# TASK STATEMENT
Leave out the pictures and repeat the data exactly.
===== DATASET CONTENT
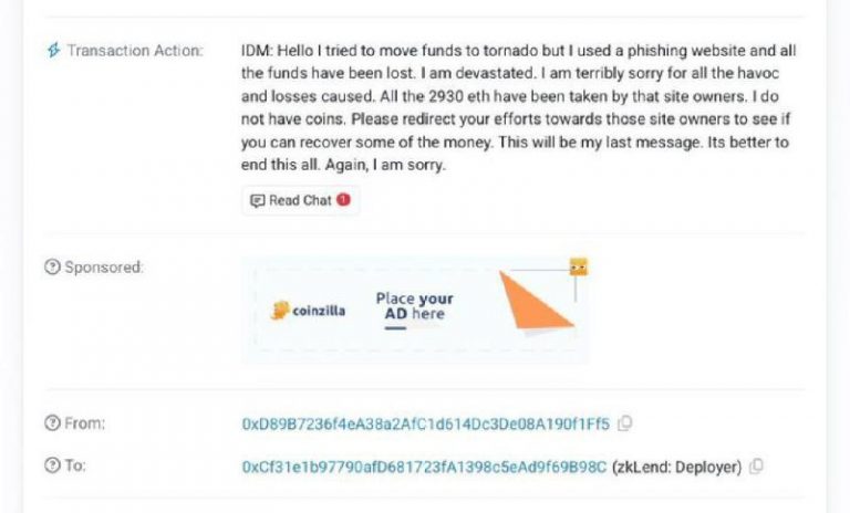 ZKLend hacker gets phished for 2,930 ETH after trying to use a fake version of Tornado Cash – 𝕏/@officer_cia View Source
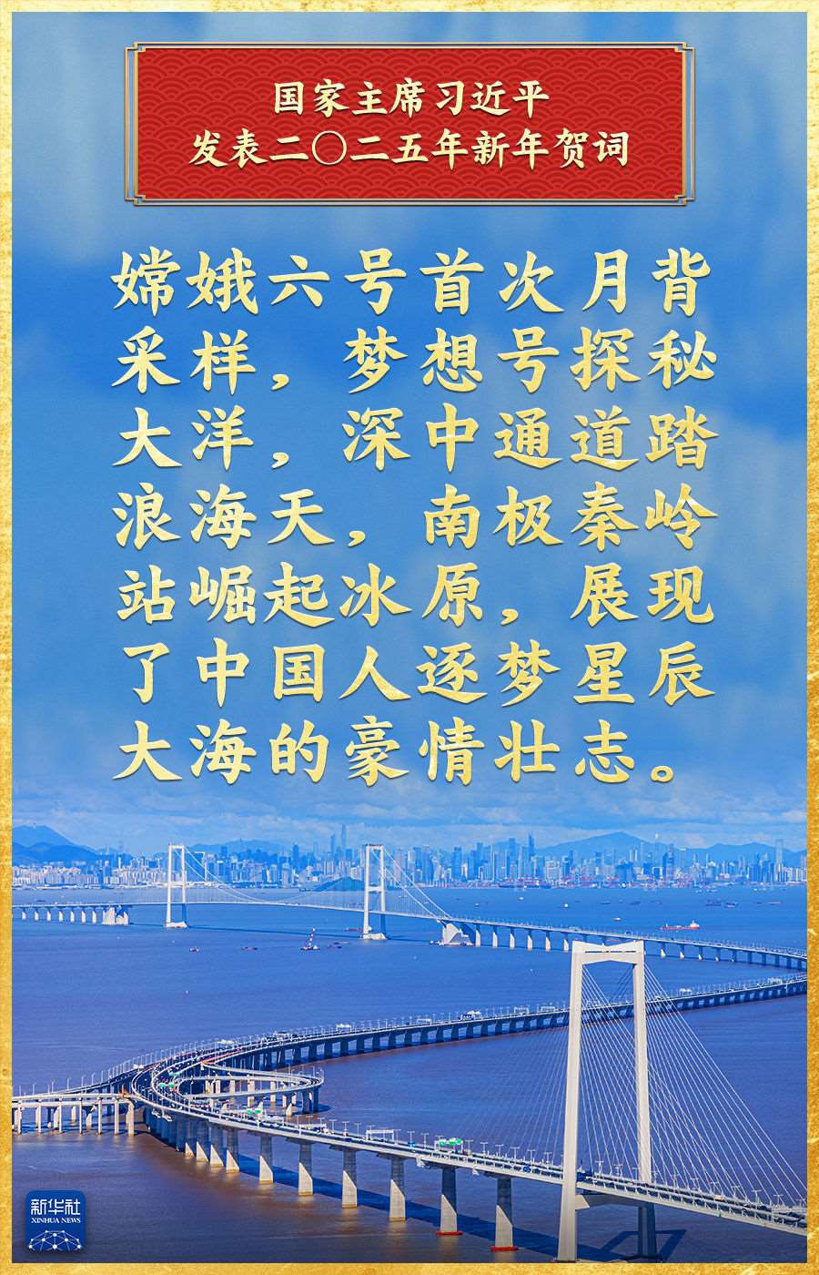 “新能源汽車年產(chǎn)量首次突破1000萬輛,集成電路、人工智能、量子通信等領(lǐng)域取得新成果”“嫦娥六號(hào)首次月背采樣,夢(mèng)想號(hào)探秘大洋,深中通道踏浪海天,南極秦嶺站崛起冰原”……這一年來的科技成就,總書記如數(shù)家珍。
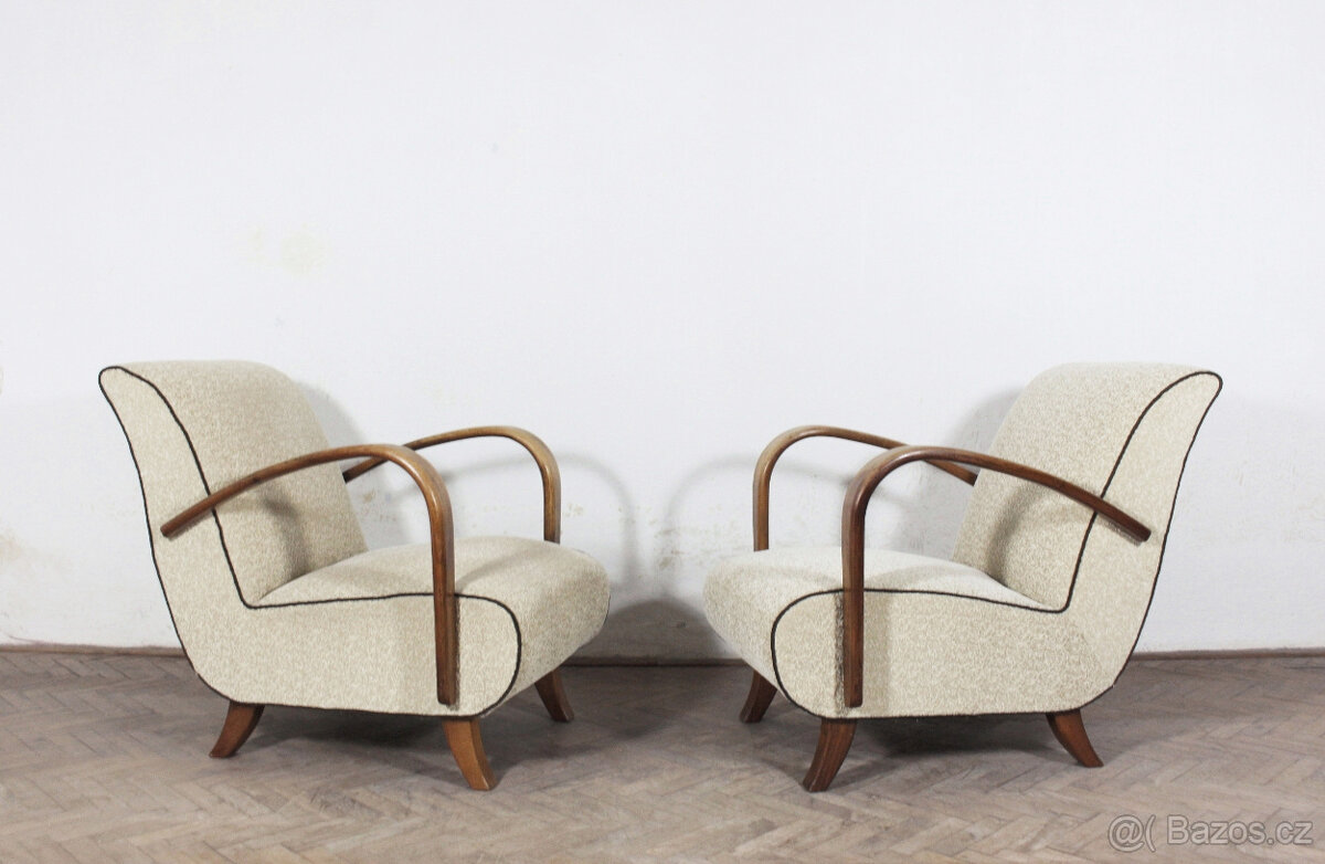ponúkam na predaj vzácne kreslá H-227,ktoré navrhol pre UP závody profesor Jindřich Halabala.kreslá majú nové čalúnenie,podrúčky zostali ponechané v opotrebovanom stave.osobné prevzatie v okrese Topoľčany.na prípadné dotazy rád zodpoviem.kontaktujte ma prosím cez formulár,číslo je vymyslené.ďakujem
==========
# FINISHED TASK
 ZKLend hacker gets phished for 2,930 ETH after trying to use a fake version of Tornado Cash – 𝕏/@officer_cia View Source
 “新能源汽車年產(chǎn)量首次突破1000萬輛,集成電路、人工智能、量子通信等領(lǐng)域取得新成果”“嫦娥六號(hào)首次月背采樣,夢(mèng)想號(hào)探秘大洋,深中通道踏浪海天,南極秦嶺站崛起冰原”……這一年來的科技成就,總書記如數(shù)家珍。
ponúkam na predaj vzácne kreslá H-227,ktoré navrhol pre UP závody profesor Jindřich Halabala.kreslá majú nové čalúnenie,podrúčky zostali ponechané v opotrebovanom stave.osobné prevzatie v okrese Topoľčany.na prípadné dotazy rád zodpoviem.kontaktujte ma prosím cez formulár,číslo je vymyslené.ďakujem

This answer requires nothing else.